→ Instructions for the task
Starting with the line below that holds "Description: Depiction of" and stopping after the line that holds "Conheça o Journey", transcribe the lines exactly, leaving out all pictures.

→ Dataset

+++

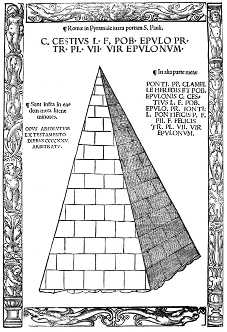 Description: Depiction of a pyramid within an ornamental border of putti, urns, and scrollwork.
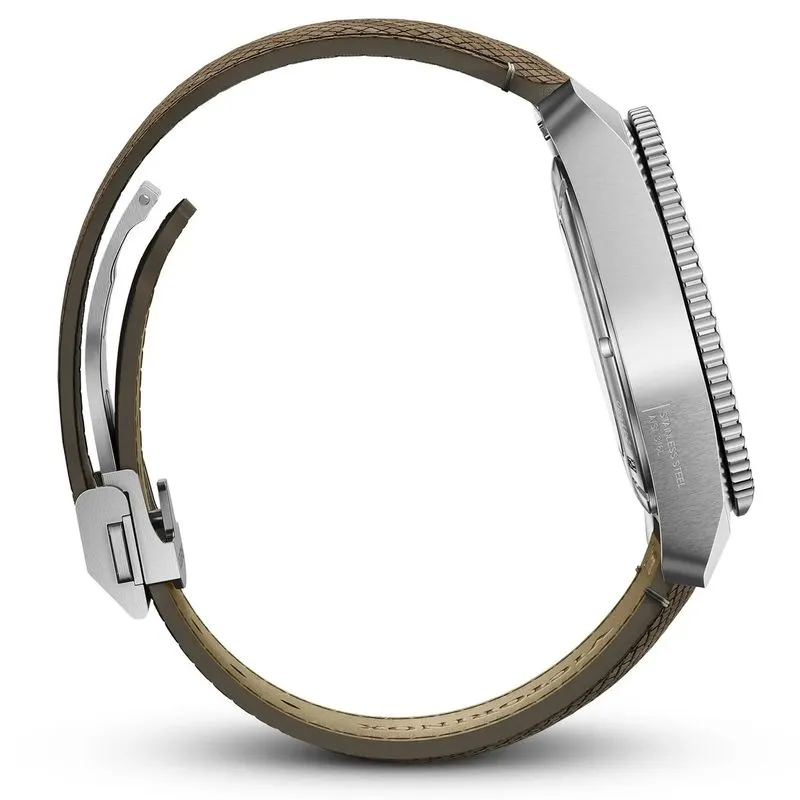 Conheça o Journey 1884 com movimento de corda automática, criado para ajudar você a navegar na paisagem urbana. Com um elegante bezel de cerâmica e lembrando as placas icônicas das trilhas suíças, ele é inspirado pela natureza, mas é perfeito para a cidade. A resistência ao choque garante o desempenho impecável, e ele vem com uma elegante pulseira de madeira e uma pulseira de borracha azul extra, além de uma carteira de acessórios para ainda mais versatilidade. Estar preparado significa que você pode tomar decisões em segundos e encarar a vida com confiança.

+++

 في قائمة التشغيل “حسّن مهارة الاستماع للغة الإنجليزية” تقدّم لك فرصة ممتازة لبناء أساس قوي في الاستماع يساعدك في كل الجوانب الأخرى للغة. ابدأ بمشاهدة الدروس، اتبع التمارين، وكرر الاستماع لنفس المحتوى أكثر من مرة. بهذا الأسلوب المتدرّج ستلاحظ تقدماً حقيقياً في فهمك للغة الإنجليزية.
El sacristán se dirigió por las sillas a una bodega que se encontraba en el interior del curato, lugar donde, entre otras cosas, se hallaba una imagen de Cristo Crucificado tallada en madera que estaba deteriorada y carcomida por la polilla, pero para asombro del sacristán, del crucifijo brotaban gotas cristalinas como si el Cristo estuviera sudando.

+++

→ Problem solution
 Description: Depiction of a pyramid within an ornamental border of putti, urns, and scrollwork.
 Conheça o Journey 1884 com movimento de corda automática, criado para ajudar você a navegar na paisagem urbana. Com um elegante bezel de cerâmica e lembrando as placas icônicas das trilhas suíças, ele é inspirado pela natureza, mas é perfeito para a cidade. A resistência ao choque garante o desempenho impecável, e ele vem com uma elegante pulseira de madeira e uma pulseira de borracha azul extra, além de uma carteira de acessórios para ainda mais versatilidade. Estar preparado significa que você pode tomar decisões em segundos e encarar a vida com confiança.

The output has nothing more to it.